Initially, it didn’t occur to Sarah that her MND was inherited; it could have just been unluck. However, after she was diagnosed, the family started to read more about MND and realised this was a possibility. Sarah was offered genetic testing when she went for screening to take part in a research study. She had the genetic test and recently received a phone call from the consultant confirming that she has the C9orf72 genetic variant. Sarah describes feeling guilty and sad that she hadn’t stopped the disease in her family. However, she feels that in a way it is positive to have this information, which may help her children and nephews make future decisions around things like starting their own families. After being told by the consultant about pre-symptomatic genetic testing, Sarah’s daughter and sister are considering this option.
Since developing symptoms, Sarah has made changes to her life. She can no longer do work in the house and garden and needs help from her husband with personal care. She has retired from her job, which she had planned to continue for some years, and is preparing to make adaptations to her house. Going out is becoming more difficult, and Sarah has had to give up activities she previously enjoyed, like walking holidays.

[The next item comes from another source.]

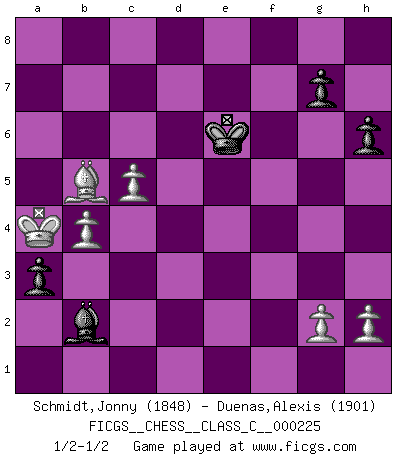 Last move : 1/2-1/2 2016 January 23 19:11:29 [Event "FICGS__CHESS__CLASS_C__000225"] [Site "FICGS"] [Date "2015.09.14"] [Round "1"] [White "Schmidt,Jonny"] [Black "Duenas,Alexis"] [Result "1/2-1/2"] [WhiteElo "1848"] [BlackElo "1901"] 1.e4 c5 2.Nf3 d6 3.d4 cxd4 4.Nxd4 Nf6 5.Nc3 a6 6.Bg5 e6 7.f4 Be7 8.Qf3 h6 9.Bh4 Qc7 10.O-O-O Nbd7 11.Be2 b5 12.Bxf6 Nxf6 13.e5 Bb7 14.Qg3 dxe5 15.fxe5 Nd5 16.Nxe6 fxe6 17.Qg6+ Kd7 18.Bg4 Qxe5 19.Nxd5 Qg5+ 20.Qxg5 Bxg5+ 21.Kb1 Bxd5 22.Rxd5+ Kc7 23.Rc5+ Kb6 24.Re5 Rhe8 25.Rhe1 Rac8 26.Bf3 Rc7 27.Rxe6+ Rxe6 28.Rxe6+ Ka7 29.c3 Rd7 30.a4 bxa4 31.Be2 Kb8 32.Rxa6 Ra7 33.Ka2 Rxa6 34.Bxa6 Be7 35.Bb5 a3 36.b4 Bf6 37.c4 Bb2 38.Bc6 Kc7 39.Bd5 Kb6 40.c5+ Kb5 41.Kb3 Bc1 42.Be4 Bb2 43.Bg6 Kc6 44.Be8+ Kd5 45.Ka4 Ke6 46.Bb5 1/2-1/2 Sicilian : Najdorf, 7...Be7 Queenside Castling by player White (move 10) This chess game ended in a draw. Follow this game move after move (download)When you see a good move, look for a better one. (Emanuel Lasker) Du musst Deinen Gegner in einen tiefen dunklen Wald führen wo 2+2=5 ist und wo der Weg, der wieder hinausführt, nur breit genug für einen ist. (Mikhail Nekhemyevich Tal) Los Peones son el alma de una partida de Ajedrez. (Francois Andre Danican Philidor) Les réformistes prétendent que les progrès de la théorie conduiront à la disparition des échecs, et qu'il faut, pour leur rendre vie, en remanier les règles. En réalité, qu'exprime cette affirmation? Le mépris de l'intuition, de l'imagination et de tous les autres éléments qui font des échecs un art. (Alexander Alekhine) A good book on your shelf is a friend that turns its back on you and remains a friend. (Author unknown)

Sarah has had physiotherapy and hydrotherapy to help with her symptoms, and has seen an occupational therapist, who has arranged supports and aids. She also uses alternative therapies, such as taking turmeric for aches and pains. Sarah has started to plan for her future care and has signed a Do Not Resuscitate order (DNR) to ensure her wishes are respected. From her experiences in intensive care nursing, she is aware of some of the challenges she may face. She does not want certain interventions like ventilation, if the life she will be living is very different to the one she had before.
Sarah is disappointed that treatments for MND have not advanced significantly since her father was affected, and is keen to participate in research and trials around the disease. She feels that a treatment will not come soon enough for her, but her attitude is if I have this disease, I might as well be usefu. Joining trials has been difficult due to COVID-19, which has caused delays and disruptions to such studies, and whilst Sarah would like to have this opportunity, she worries about the practicalities of travelling as her disease progresses. Sarah encourages healthcare professionals to keep in mind that finding out about an inherited form of MND can be upsetting for people. However, she is hopeful for research progress in the future.